McDonald's has historically avoided naming rights despite spending roughly $800 million annually on U.S. sports marketing, preferring Olympic partnerships and NFL advertising inventory. The reversal reflects two calculations: MLS demographics skew younger and more diverse than the NFL's audience, and the Fire's ownership agreed to building McDonald's-branded futsal courts at 12 Chicago Park District locations as part of the package. The youth facilities carry a $6 million construction commitment funded separately by the Fire Foundation, but the brand access they provide is McDonald's primary return on a per-dollar basis, according to two people familiar with the bidding.
The stadium itself remains pending final city council approval, expected in March. Mansueto's group has committed $600 million in private financing, with the remaining $150 million coming from tax increment financing tied to the development zone. The naming rights payment will be structured as deferred consideration against Mansueto's equity stake, reducing his out-of-pocket exposure by roughly 13 percent.

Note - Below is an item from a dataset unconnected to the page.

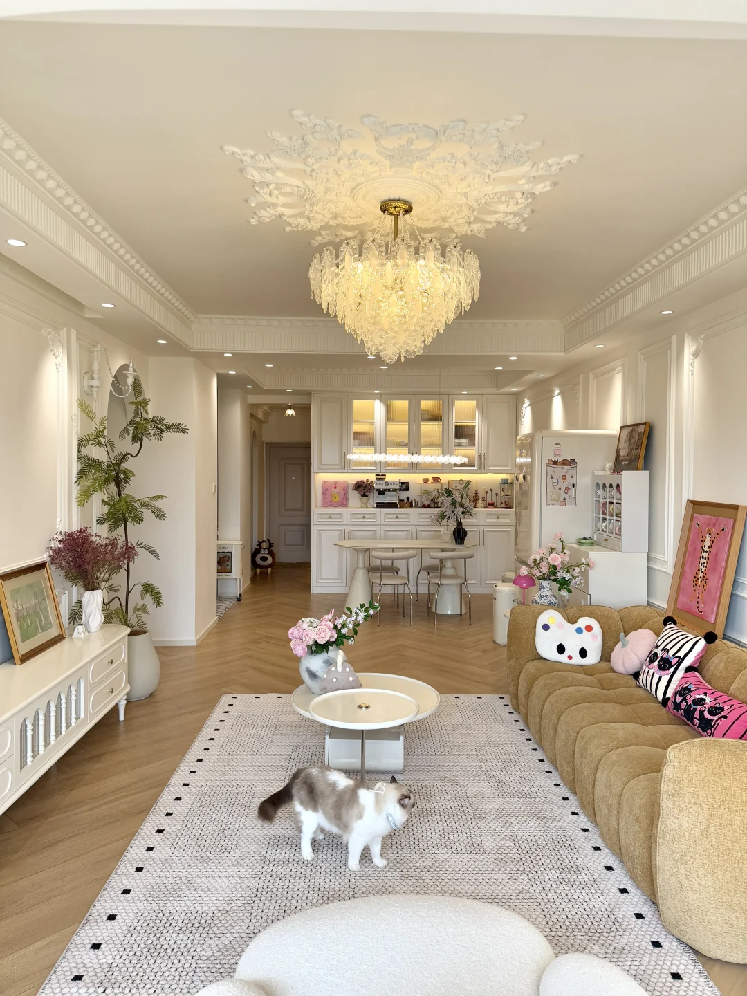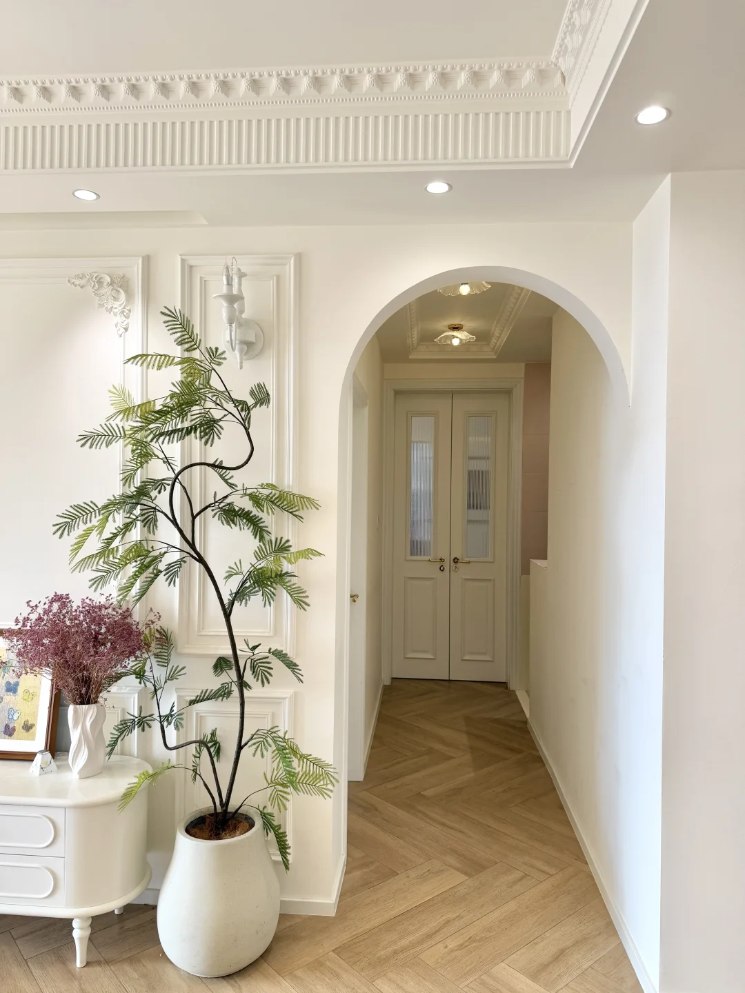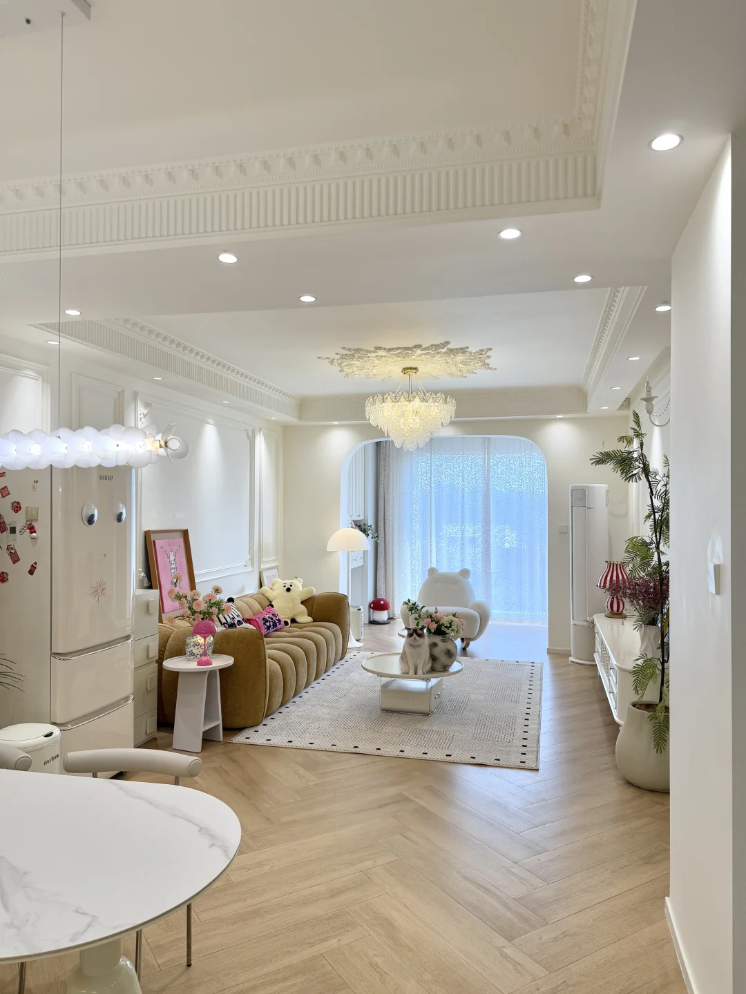 花40w在小县城买房 又装成法式奶油风 今年入住第3年真的越住越好住 分享下我的装修小思路吧 ❶:墙面通刷珍珠白+pu线条造型耐看还不容易过时 ❷:地面通铺20*90人字拼木纹砖,比木地板更省钱 ❸:柜子买的板材,让木工打的柜体,柜门是定制的 ❹:阳台一半封闭,一半做了花园和洗衣晾晒区 ❺:厨房做了开放式,跟餐厅动线一体更显大 ❻:没留客房,让木工做了衣帽间,给对象用真香 ❼:软装以浅色系为主不翻车 ❽:别找熟人帮装修,就连亲戚也不行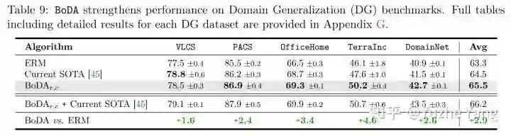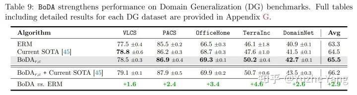 我们研究 BoDA 是否可以提高 DG 的性能。为了测试 BoDA,我们遵循标准的 DG 评估协议 [5]。通过上表,我们发现仅 BoDA 就可以在五个数据集中的四个上提升当前的结果,并实现显着的平均性能提升。

MLS has been clearing naming inventory faster than the league anticipated. Seven of the last nine soccer-specific stadiums have secured naming partners before breaking ground, compared to two of the prior eight. The McDonald's deal sets a new floor for Tier 1 markets; Phoenix, Nashville, and San Diego expansion groups are all now modeling rights fees north of $8 million annually, per three team executives who have seen revised pitch decks in the past month.
Watch for McDonald's to announce the Fire jersey front patch separately, likely in April when MLS opens its 2026 season sponsorship window. The club's current front deal with Motorola expires in December 2025 and was valued at $4.5 million annually. McDonald's has been in discussions to combine that inventory with the naming rights at a blended rate, which would push the total relationship above $12 million per year, but Motorola retains a right of first refusal that complicates timing.
The Oak Brook culinary team is already designing a McDonald's Park-exclusive menu item for the 2026 opener, according to a company spokesperson.